[Stored dataset items]
- - - -

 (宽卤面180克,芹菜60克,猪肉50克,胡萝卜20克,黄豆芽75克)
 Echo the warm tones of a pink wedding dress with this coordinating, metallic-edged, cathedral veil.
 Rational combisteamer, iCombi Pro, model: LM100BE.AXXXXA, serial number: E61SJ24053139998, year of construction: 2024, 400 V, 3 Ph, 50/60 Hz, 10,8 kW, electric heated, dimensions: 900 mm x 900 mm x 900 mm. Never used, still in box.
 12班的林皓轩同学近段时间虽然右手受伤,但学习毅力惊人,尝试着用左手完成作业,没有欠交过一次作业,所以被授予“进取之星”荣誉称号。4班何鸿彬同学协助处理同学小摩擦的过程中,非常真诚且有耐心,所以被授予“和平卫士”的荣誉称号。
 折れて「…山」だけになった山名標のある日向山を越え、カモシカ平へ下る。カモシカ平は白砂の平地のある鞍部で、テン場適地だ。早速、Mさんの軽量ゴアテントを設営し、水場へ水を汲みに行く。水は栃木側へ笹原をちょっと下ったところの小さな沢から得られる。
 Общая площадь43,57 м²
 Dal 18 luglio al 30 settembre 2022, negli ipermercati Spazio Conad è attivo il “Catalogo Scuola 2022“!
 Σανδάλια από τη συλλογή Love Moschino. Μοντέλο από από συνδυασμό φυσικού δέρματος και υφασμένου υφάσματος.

- - - -

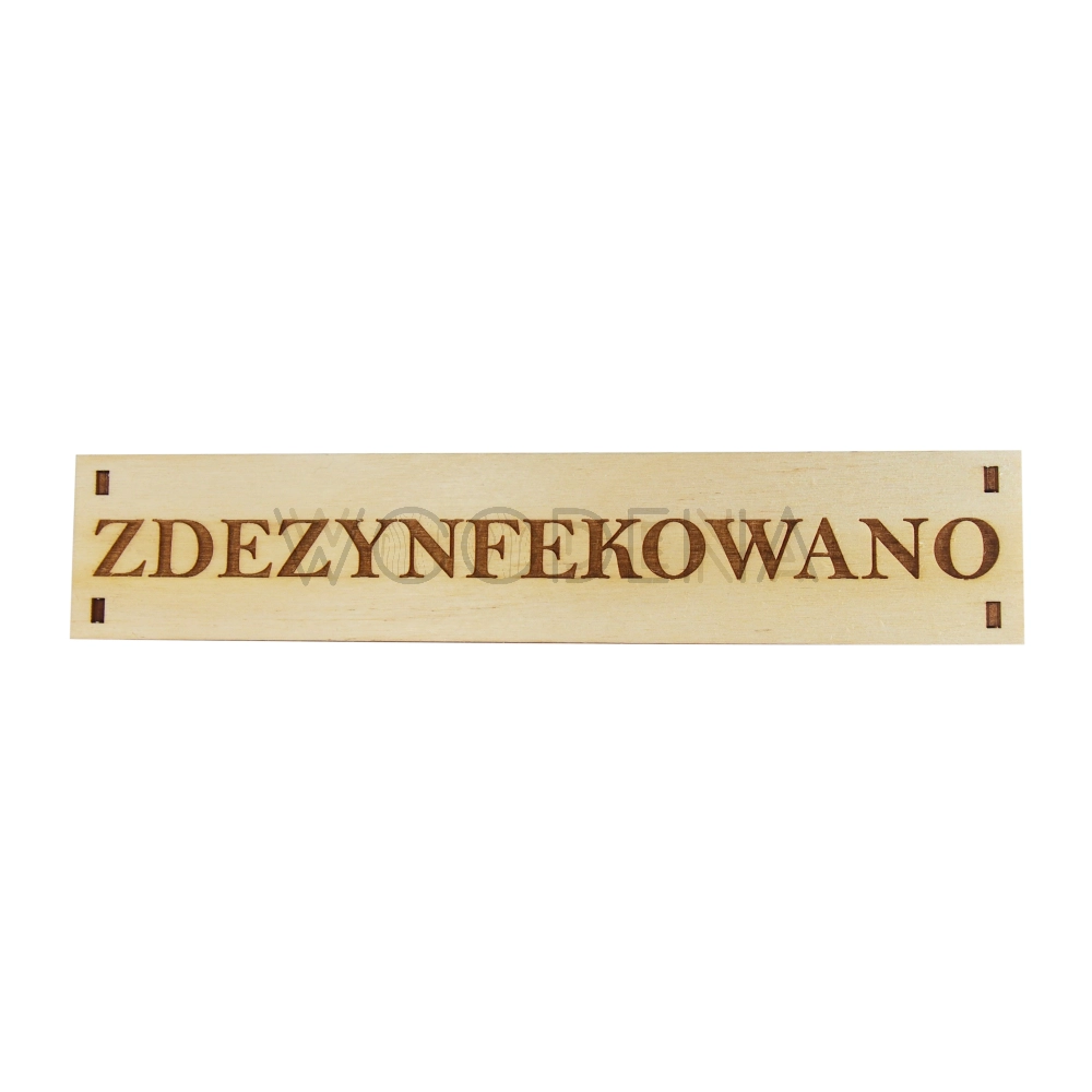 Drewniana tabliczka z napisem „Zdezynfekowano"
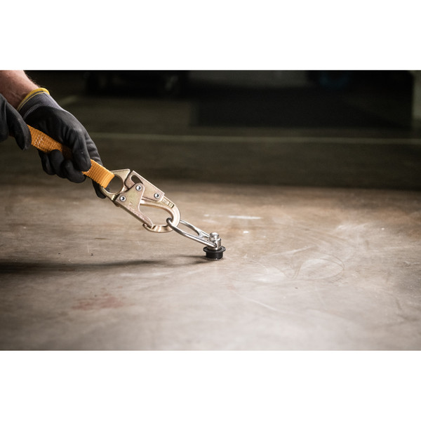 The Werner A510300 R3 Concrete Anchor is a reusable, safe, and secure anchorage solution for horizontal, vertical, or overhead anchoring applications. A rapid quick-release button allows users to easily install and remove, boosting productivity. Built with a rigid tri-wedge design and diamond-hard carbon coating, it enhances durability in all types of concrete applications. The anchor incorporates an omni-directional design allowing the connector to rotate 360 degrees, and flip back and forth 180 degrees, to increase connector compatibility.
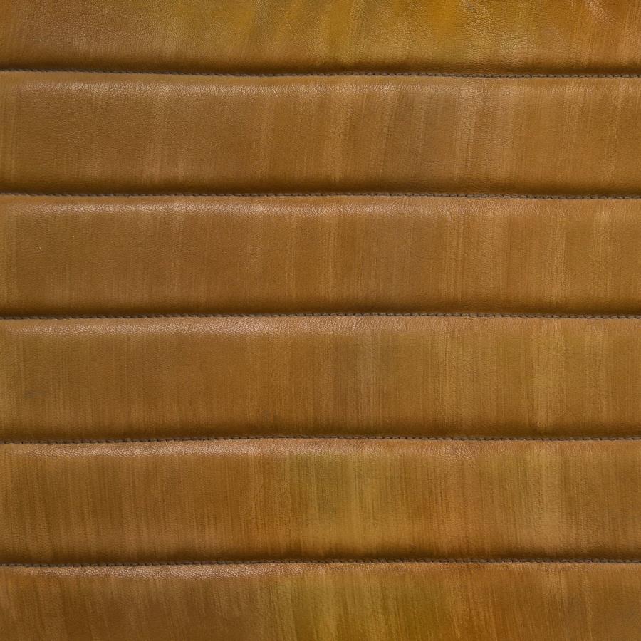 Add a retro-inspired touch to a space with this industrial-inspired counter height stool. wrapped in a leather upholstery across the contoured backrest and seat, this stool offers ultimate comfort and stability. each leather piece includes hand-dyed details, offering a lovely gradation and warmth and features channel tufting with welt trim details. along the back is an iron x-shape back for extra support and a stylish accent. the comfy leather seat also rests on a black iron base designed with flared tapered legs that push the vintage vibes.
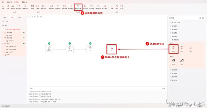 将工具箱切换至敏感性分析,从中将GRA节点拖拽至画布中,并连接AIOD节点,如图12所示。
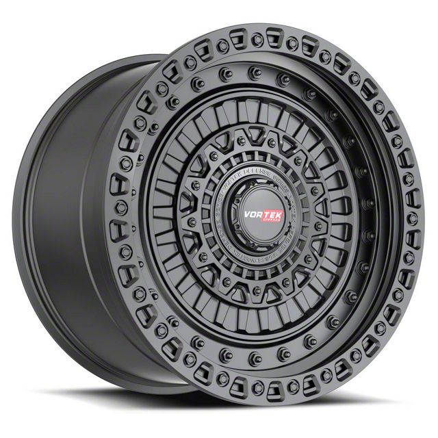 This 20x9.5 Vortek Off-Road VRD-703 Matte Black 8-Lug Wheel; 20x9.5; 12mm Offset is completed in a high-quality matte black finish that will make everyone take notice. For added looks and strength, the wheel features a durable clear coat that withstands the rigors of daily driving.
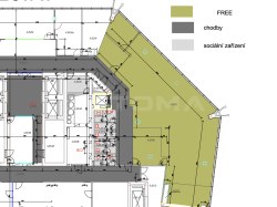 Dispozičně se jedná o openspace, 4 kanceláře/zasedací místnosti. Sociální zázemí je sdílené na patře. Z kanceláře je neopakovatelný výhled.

- - - -

:: Aim of the exercise ::
Once the line with "Drewniana tabliczka z" is found above, transcribe each line from it through the line with "The Werner A510300", exactly, and omit the pictures.

:: Final answer ::
 Drewniana tabliczka z napisem „Zdezynfekowano"
 The Werner A510300 R3 Concrete Anchor is a reusable, safe, and secure anchorage solution for horizontal, vertical, or overhead anchoring applications. A rapid quick-release button allows users to easily install and remove, boosting productivity. Built with a rigid tri-wedge design and diamond-hard carbon coating, it enhances durability in all types of concrete applications. The anchor incorporates an omni-directional design allowing the connector to rotate 360 degrees, and flip back and forth 180 degrees, to increase connector compatibility.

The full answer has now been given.